All of the listing should be transcribed exactly.

:: DATA TO EXAMINE ::

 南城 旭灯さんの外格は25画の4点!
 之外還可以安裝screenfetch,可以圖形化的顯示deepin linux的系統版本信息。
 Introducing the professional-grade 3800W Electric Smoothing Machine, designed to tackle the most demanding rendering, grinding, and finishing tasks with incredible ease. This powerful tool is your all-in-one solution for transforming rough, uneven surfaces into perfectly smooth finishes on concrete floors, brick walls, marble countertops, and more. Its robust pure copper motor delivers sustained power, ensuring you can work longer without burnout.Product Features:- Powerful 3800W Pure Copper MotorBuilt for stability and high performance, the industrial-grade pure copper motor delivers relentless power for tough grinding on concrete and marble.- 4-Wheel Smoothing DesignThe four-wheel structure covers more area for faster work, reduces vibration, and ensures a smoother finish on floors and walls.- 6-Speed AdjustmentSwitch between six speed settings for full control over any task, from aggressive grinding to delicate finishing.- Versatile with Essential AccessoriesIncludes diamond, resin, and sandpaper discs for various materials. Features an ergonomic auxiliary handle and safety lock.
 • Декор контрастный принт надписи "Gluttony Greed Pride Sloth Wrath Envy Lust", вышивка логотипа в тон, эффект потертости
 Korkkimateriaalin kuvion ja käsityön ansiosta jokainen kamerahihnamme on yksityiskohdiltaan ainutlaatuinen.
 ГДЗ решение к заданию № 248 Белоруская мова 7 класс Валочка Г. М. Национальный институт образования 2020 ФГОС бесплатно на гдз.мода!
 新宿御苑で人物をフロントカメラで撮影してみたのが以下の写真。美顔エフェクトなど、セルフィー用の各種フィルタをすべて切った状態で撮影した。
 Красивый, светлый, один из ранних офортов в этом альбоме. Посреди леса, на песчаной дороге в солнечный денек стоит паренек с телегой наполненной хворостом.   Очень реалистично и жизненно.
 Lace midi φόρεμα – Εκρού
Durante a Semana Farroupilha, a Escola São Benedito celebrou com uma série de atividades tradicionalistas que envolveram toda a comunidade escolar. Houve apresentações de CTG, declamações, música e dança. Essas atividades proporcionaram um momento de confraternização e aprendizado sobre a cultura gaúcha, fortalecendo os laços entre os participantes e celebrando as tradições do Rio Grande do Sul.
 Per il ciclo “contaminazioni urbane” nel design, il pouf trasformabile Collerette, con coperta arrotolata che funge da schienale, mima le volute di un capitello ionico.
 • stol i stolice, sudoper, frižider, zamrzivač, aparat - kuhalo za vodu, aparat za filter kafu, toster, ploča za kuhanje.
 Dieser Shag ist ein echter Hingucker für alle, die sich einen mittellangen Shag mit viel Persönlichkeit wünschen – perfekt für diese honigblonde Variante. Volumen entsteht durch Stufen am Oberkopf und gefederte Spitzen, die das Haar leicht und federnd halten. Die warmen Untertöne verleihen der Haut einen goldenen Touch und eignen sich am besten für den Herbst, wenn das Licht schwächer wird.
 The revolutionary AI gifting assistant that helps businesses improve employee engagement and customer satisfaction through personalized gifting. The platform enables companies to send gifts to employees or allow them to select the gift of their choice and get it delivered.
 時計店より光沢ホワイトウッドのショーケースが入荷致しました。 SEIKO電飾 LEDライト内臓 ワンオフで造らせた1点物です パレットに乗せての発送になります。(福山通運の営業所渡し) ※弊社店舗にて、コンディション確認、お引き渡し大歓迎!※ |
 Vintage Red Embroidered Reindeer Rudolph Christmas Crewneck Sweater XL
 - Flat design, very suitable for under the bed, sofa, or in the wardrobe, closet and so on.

:::

_TASK RESULT_.
 南城 旭灯さんの外格は25画の4点!
 之外還可以安裝screenfetch,可以圖形化的顯示deepin linux的系統版本信息。
 Introducing the professional-grade 3800W Electric Smoothing Machine, designed to tackle the most demanding rendering, grinding, and finishing tasks with incredible ease. This powerful tool is your all-in-one solution for transforming rough, uneven surfaces into perfectly smooth finishes on concrete floors, brick walls, marble countertops, and more. Its robust pure copper motor delivers sustained power, ensuring you can work longer without burnout.Product Features:- Powerful 3800W Pure Copper MotorBuilt for stability and high performance, the industrial-grade pure copper motor delivers relentless power for tough grinding on concrete and marble.- 4-Wheel Smoothing DesignThe four-wheel structure covers more area for faster work, reduces vibration, and ensures a smoother finish on floors and walls.- 6-Speed AdjustmentSwitch between six speed settings for full control over any task, from aggressive grinding to delicate finishing.- Versatile with Essential AccessoriesIncludes diamond, resin, and sandpaper discs for various materials. Features an ergonomic auxiliary handle and safety lock.
 • Декор контрастный принт надписи "Gluttony Greed Pride Sloth Wrath Envy Lust", вышивка логотипа в тон, эффект потертости
 Korkkimateriaalin kuvion ja käsityön ansiosta jokainen kamerahihnamme on yksityiskohdiltaan ainutlaatuinen.
 ГДЗ решение к заданию № 248 Белоруская мова 7 класс Валочка Г. М. Национальный институт образования 2020 ФГОС бесплатно на гдз.мода!
 新宿御苑で人物をフロントカメラで撮影してみたのが以下の写真。美顔エフェクトなど、セルフィー用の各種フィルタをすべて切った状態で撮影した。
 Красивый, светлый, один из ранних офортов в этом альбоме. Посреди леса, на песчаной дороге в солнечный денек стоит паренек с телегой наполненной хворостом.   Очень реалистично и жизненно.
 Lace midi φόρεμα – Εκρού
Durante a Semana Farroupilha, a Escola São Benedito celebrou com uma série de atividades tradicionalistas que envolveram toda a comunidade escolar. Houve apresentações de CTG, declamações, música e dança. Essas atividades proporcionaram um momento de confraternização e aprendizado sobre a cultura gaúcha, fortalecendo os laços entre os participantes e celebrando as tradições do Rio Grande do Sul.
 Per il ciclo “contaminazioni urbane” nel design, il pouf trasformabile Collerette, con coperta arrotolata che funge da schienale, mima le volute di un capitello ionico.
 • stol i stolice, sudoper, frižider, zamrzivač, aparat - kuhalo za vodu, aparat za filter kafu, toster, ploča za kuhanje.
 Dieser Shag ist ein echter Hingucker für alle, die sich einen mittellangen Shag mit viel Persönlichkeit wünschen – perfekt für diese honigblonde Variante. Volumen entsteht durch Stufen am Oberkopf und gefederte Spitzen, die das Haar leicht und federnd halten. Die warmen Untertöne verleihen der Haut einen goldenen Touch und eignen sich am besten für den Herbst, wenn das Licht schwächer wird.
 The revolutionary AI gifting assistant that helps businesses improve employee engagement and customer satisfaction through personalized gifting. The platform enables companies to send gifts to employees or allow them to select the gift of their choice and get it delivered.
 時計店より光沢ホワイトウッドのショーケースが入荷致しました。 SEIKO電飾 LEDライト内臓 ワンオフで造らせた1点物です パレットに乗せての発送になります。(福山通運の営業所渡し) ※弊社店舗にて、コンディション確認、お引き渡し大歓迎!※ |
 Vintage Red Embroidered Reindeer Rudolph Christmas Crewneck Sweater XL
 - Flat design, very suitable for under the bed, sofa, or in the wardrobe, closet and so on.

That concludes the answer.